Los hermanos lasallanos son conocidos en todo el mundo por su labor educativa. Es el carisma que les imprimió su fundador, Juan Bautista de La Salle (1651-1719), sacerdote, teólogo y pedagogo católico francés que consagró su vida a formar a hijos de artesanos y niños pobres de su época.

La congregación ha hecho pie en Gualeguaychú a partir de este año al sumar al Instituto “Malvina Seguí de Clavarino” (Villa Malvina) a la red educativa que tiene en todo el país, constituida por 15 instituciones que congregan a 25.000 alumnos y a unos 3.000 docentes.

Eso le explicó a ElDía Patricio Bolton (47), hermano lasallano oriundo de Santa Fe, maestro y profesor de Ciencias de la Educación, y que ha desarrollado su actividad docente en contextos de pobreza en Córdoba, Jujuy y en el partido bonaerense de La Matanza.

Bolton es sobre todo un intelectual que ha transformado sus experiencias entre los más desfavorecidos en una mirada teórica propia sobre la dura realidad de adolescentes en situación de exclusión, amenazados por la pobreza, el suicidio y las adicciones.

Libros de su autoría como “Educación y Vulnerabilidad” o “Educación y Transformación Social” recogen las marcas de una pedagogía que aspira a rescatar, desde la experiencia de las comunidades de aprendizaje de La Salle, la vida de los más jóvenes.

“La escuela puede redimir todo lo que se proponga y quiera”, le dijo a El Día, convencido de que la educación puede cambiar la sociedad, en sintonía con el sueño de los grandes pedagogos.

-¿Qué significa ser “hermano lasallano”? ¿Hacen votos especiales?

Bolton:- No somos sacerdotes sino religiosos educadores.

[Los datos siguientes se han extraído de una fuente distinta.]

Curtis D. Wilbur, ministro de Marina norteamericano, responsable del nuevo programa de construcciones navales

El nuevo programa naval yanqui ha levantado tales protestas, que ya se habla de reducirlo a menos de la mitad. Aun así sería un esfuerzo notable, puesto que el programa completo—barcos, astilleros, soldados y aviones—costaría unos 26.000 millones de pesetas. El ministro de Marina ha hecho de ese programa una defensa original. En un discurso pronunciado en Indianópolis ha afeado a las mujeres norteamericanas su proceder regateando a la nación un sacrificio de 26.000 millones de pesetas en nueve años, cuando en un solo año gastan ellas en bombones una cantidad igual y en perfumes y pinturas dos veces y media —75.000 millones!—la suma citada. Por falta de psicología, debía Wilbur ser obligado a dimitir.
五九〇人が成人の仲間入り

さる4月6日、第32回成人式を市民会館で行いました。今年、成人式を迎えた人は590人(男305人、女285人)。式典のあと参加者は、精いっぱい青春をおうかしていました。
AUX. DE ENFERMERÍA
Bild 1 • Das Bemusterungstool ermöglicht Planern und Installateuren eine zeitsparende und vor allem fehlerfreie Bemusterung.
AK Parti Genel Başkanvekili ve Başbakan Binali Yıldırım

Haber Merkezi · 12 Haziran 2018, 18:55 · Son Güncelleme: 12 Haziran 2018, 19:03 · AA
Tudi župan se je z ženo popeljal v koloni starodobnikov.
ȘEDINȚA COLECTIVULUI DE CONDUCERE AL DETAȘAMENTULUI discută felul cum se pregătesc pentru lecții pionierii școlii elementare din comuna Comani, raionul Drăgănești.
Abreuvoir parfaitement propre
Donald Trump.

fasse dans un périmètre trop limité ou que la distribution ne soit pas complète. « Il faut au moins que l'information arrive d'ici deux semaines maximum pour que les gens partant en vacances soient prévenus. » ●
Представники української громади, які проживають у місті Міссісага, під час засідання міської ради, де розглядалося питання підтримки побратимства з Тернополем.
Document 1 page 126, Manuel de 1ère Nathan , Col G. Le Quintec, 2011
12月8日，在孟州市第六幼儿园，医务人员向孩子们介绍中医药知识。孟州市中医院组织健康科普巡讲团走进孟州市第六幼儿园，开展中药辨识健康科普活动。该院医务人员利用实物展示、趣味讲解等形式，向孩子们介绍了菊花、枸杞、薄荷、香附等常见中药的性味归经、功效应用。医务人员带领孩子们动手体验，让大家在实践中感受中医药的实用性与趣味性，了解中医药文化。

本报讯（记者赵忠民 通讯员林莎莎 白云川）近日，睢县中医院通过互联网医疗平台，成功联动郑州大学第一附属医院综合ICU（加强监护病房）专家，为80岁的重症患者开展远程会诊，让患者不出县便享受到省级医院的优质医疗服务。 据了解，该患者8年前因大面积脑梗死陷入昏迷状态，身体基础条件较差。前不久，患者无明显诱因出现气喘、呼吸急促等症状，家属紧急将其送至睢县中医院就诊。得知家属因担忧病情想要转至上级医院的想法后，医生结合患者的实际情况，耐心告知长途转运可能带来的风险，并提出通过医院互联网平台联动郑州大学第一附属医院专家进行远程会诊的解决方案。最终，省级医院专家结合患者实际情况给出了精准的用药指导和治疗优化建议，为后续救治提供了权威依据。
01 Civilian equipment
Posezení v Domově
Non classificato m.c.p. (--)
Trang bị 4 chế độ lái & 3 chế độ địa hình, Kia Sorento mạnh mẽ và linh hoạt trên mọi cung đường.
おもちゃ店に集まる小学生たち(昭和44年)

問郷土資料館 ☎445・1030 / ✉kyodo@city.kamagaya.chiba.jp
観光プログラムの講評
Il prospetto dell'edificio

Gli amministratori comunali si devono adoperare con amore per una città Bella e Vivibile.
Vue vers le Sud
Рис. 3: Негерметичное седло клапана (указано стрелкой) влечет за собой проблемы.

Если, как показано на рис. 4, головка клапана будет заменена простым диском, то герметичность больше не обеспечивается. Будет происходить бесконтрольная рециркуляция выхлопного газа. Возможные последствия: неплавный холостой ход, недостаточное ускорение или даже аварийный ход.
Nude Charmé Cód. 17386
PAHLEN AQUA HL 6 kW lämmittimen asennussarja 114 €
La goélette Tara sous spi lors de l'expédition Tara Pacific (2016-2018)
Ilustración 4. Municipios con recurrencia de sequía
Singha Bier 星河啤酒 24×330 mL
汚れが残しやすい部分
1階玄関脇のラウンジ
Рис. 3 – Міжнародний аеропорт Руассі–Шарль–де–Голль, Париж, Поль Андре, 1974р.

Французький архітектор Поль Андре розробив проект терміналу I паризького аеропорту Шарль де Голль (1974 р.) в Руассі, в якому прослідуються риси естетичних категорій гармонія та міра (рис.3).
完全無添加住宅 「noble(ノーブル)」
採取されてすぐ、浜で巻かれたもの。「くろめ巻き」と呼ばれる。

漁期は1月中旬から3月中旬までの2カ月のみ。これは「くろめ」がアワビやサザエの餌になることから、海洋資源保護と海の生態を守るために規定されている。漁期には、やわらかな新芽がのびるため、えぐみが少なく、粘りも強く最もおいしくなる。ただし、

Es decir somos personas que consagramos nuestra vida a la educación y que vivimos en comunidad. Y tenemos un voto particular que se llama “asociación para el servicio educativo de los pobres”. Después hacemos los otros votos que hacen todas las congregaciones religiosas católicas (jesuitas, maristas, salesianos o franciscanos) que son de castidad, pobreza y obediencia. En la congregación de La Salle no hay sacerdotes, somos todos hermanos. En el mundo seremos cerca de 4.000. Estamos en 80 países, en cinco continentes.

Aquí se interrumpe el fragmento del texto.